__EXERCISE__
From the first line to the last, give the material again exactly, without the images.

__AVAILABLE DATA__
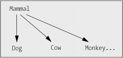 When thinking about an abstraction hierarchy such as the one shown in Figure 2-2, we mentally step up and down the hierarchy, automatically zeroing in on only the single layer or subset of the hierarchy (known as a subtree) that is important to us at a given point in time. For example, we may only be concerned with mammals, and so can focus on the mammalian subtree, shown in Figure 2-3, temporarily ignoring the rest of the hierarchy.
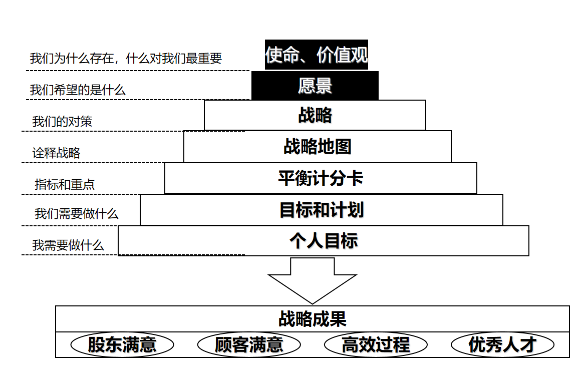 战略解码就是通过可视化的方式,将企业的战略转化为全体员工可理解、可执行的行为的过程。战略解码也是将公司战略重点进行清晰地描述,并转化为具体行动的过程,是“化战略为行动”的有效工具。战略解码同时还是一种工作方法,通过集成高层团队的智慧,采用集体研讨的形式,对公司的远景目标和战略举措达成共识,以员工能够理解的形式清晰地描述出来,同时制定出相应的具体行动计划,然后逐层分解责任到人,并在后面的执行过程中反复对照、质询和提升的过程。
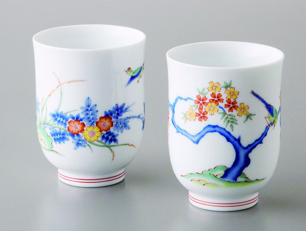 有田焼400年の歴史を代表する花鳥文様を、白磁に染付と上絵を配し、柿右衛門調に仕上げられたデザインの組湯呑です。
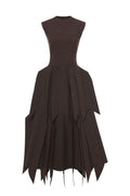 Elevate your wardrobe with this sophisticated sleeveless midi dress, designed for effortless elegance. The classic brown and reck check pattern brings timeless appeal, while the round neckline offers a refined silhouette. A voluminous full skirt with carefully placed panel appliques adds dimension and movement, creating a striking visual interest. Perfect for seasonal transitions and versatile enough for both casual outings and polished occasions, this piece combines understated luxury with thoughtful design details.

__SOLUTION__
 When thinking about an abstraction hierarchy such as the one shown in Figure 2-2, we mentally step up and down the hierarchy, automatically zeroing in on only the single layer or subset of the hierarchy (known as a subtree) that is important to us at a given point in time. For example, we may only be concerned with mammals, and so can focus on the mammalian subtree, shown in Figure 2-3, temporarily ignoring the rest of the hierarchy.
 战略解码就是通过可视化的方式,将企业的战略转化为全体员工可理解、可执行的行为的过程。战略解码也是将公司战略重点进行清晰地描述,并转化为具体行动的过程,是“化战略为行动”的有效工具。战略解码同时还是一种工作方法,通过集成高层团队的智慧,采用集体研讨的形式,对公司的远景目标和战略举措达成共识,以员工能够理解的形式清晰地描述出来,同时制定出相应的具体行动计划,然后逐层分解责任到人,并在后面的执行过程中反复对照、质询和提升的过程。
 有田焼400年の歴史を代表する花鳥文様を、白磁に染付と上絵を配し、柿右衛門調に仕上げられたデザインの組湯呑です。
 Elevate your wardrobe with this sophisticated sleeveless midi dress, designed for effortless elegance. The classic brown and reck check pattern brings timeless appeal, while the round neckline offers a refined silhouette. A voluminous full skirt with carefully placed panel appliques adds dimension and movement, creating a striking visual interest. Perfect for seasonal transitions and versatile enough for both casual outings and polished occasions, this piece combines understated luxury with thoughtful design details.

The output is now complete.